I live report pubblicati dopo la serata, tra cui quelli di Loud and Proud e di Metal Hammer Italia, hanno confermato quello che il pubblico presente aveva già percepito: una serata fuori dal comune, con performance di altissimo livello da parte di tutte e quattro le band.
Le band: quattro stili, un’unica intensità

Nails: l’apertura che non ti aspetti
Aprire un concerto di questo livello non è mai un compito facile, ma i Nails lo hanno fatto a modo loro: senza compromessi, senza introduzioni, con la brutalità diretta che li contraddistingue. Il loro hardcore/metal non lascia spazio alla riflessione — ti prende e ti trascina, punto.
Exodus: il thrash della Bay Area è ancora vivo
Gli Exodus hanno dimostrato, una volta di più, che il thrash metal californiano non invecchia. La loro energia sul palco, la precisione tecnica e la capacità di tenere il pubblico incollato al palco per tutto il set sono la prova che certe band non conoscono declino.
Carcass: lezione di death metal melodico
I Carcass hanno portato all’Alcatraz tutto il peso della loro eredità musicale. Band che ha letteralmente inventato un genere — il melodic death metal — e che ancora oggi suona con una freschezza sorprendente. Il loro set ha rappresentato uno dei momenti più attesi della serata.
Kreator: headliner assoluti del Krushers Of The World Tour
E poi, alle 21:30, i Kreator. Con Krushers Of The World fresco di pubblicazione, Mille Petrozza e soci hanno avuto materiale nuovo da proporre insieme ai classici che il pubblico attendeva. Una chiusura degna di un tour che porta il nome di un album ambizioso e che ha già lasciato il segno nella discografia della band tedesca.

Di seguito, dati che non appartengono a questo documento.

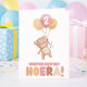 De tekst “Hieperdepiep Hoera!” maakt de kaart extra feestelijk en kindvriendelijk. De leeftijd in de ballon is aanpasbaar, zodat je eenvoudig elke verjaardag kunt vieren, terwijl de illustratie en tekst vast blijven voor een mooi en harmonieus ontwerp.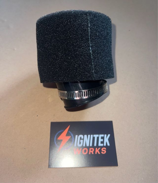 Detalles del productoFiltro de aire de espuma negra con abrazadera metálica.

Milano e il metal estremo: un rapporto consolidato
Che Milano sia una delle piazze europee più importanti per il metal estremo lo si capisce proprio da serate come questa. L’Alcatraz, con la sua capienza e la sua acustica, si conferma il palco ideale per eventi di questo tipo: abbastanza grande da accogliere un pubblico numeroso, abbastanza intimo da mantenere quella fisicità che il metal richiede. Non è un caso che il kreator carcass alcatraz milano del 7 aprile sia già entrato nell’immaginario collettivo della scena italiana come uno degli appuntamenti imperdibili del 2026.
Per chi vuole seguire da vicino i prossimi movimenti di Kreator e delle altre band protagoniste della serata, il sito di riferimento Spazio Rock resta uno degli strumenti più aggiornati per il metal in Italia.
Il 7 aprile 2026 all’Alcatraz di Milano ha dimostrato che quando il metal estremo si organizza con questa cura — lineup impeccabile, scaletta precisa, location adeguata — il risultato è qualcosa che va ben oltre il semplice concerto. È un’esperienza che chi era presente porterà con sé a lungo, e che chi non c’era può solo sperare di recuperare alla prossima occasione. Con un tour come il Krushers Of The World ancora in corso, quella prossima occasione potrebbe non essere così lontana.
Questo articolo è stato realizzato con il supporto dell'AI e sottoposto a revisione editoriale.